Wouldn’t be nice if someone could make our pain and tears go away? Actually I would settle for better choices. I know sometimes I am emotionally a wreck and it seems that I am managing to somehow hang on each day. I know it is not easy being transgendered and no one ever said it was so. As I have said so many times, I would not wish this on my worse damn enemy! I Know I hurt a good woman today and I still care for her and hate to hurt anyone. I sometimes cry out to make the pain and hurt go away when they do come but the answers to these calls I know lie from within and not from without. Many days I wake up early at the house and go get the paper and sit and read it but some days before I get very far I as I lay on the couch, thoughts of my anguish and fears take over and have me pouring water down my cheeks. Some nights I sit up in my office and do the same. Today I bared it all to the woman who has been my partner for 24 years but she has known for a while I was drifting and I know it was my choice I drifted that way. I know the hormones have really accelerated the intensity of the feelings and emotions. They are real and I so wish I could end this vicious cycle of tears and pain but this cycle is part of the growth and life of a transgendered person in transition. The best one can do is talking your way through these periods and finding support from others as you support them.

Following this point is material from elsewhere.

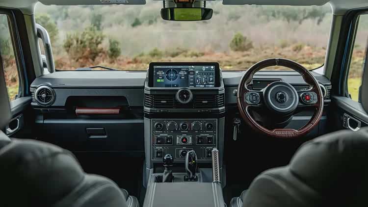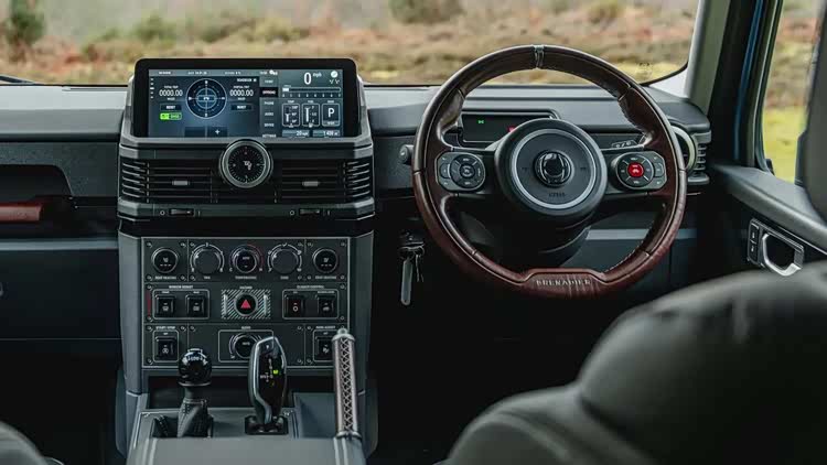 而在车尾部分,全尺寸背书包式备胎,裸露的悬梯等元素,也都非常的硬朗,对开门式的布局增强了实用性,较大的离去角,厚实的后保险杠与车头形成对应,双出排气清晰可见。而圆形的尾灯让整车套风格形成统一。在内饰部分,当然也是复古的设计,悬浮式液晶屏尺寸不大。但已经是唯一的交互元素,并没有传统的仪表盘,取而代之的是简单的警示灯面板,两幅方向盘造型可能是最时尚的元素,其他的都是硬桥硬马的硬塑料,大量的实体按键充满了机械风,以及那个一眼就能认出的宝马鸡腿式挡把,也彰显了该车的身份,是采用了宝马技术打造。
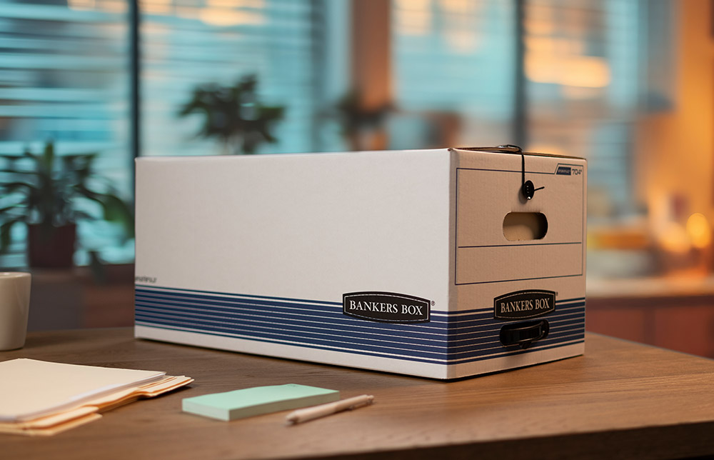 Que vos dossiers soient placés sur des étagères ou que les boîtes soient empilées au sol, Bankers Box fournit la robustesse nécessaire pour satisfaire vos besoins d’entreposage.

Some people in our community don’t like drama but I must speak from my heart and my soul sometimes and ignore the rationalizing of my mind. Some transgendered people are so comfortable in the world of switching back and forth and enjoying their occasional expression of femininity. I truly envy them and wish I could find my peace that way but that is not who I am and any attempts by me to be such person have always failed. It does so because I am a transsexual transgendered person and I know I will never find peace and happiness unless I become who I truly am as a person and live my life fully as Melissa. Why could I have not been born with the right body parts that matched who I am on the inside? What madness in our world creates such a person and throws them out in the world to go through life what society sees as a “misfit” and subjects them to abuse and condemnation for simply being who we are as people. What kind of absurdity is this process I ask you?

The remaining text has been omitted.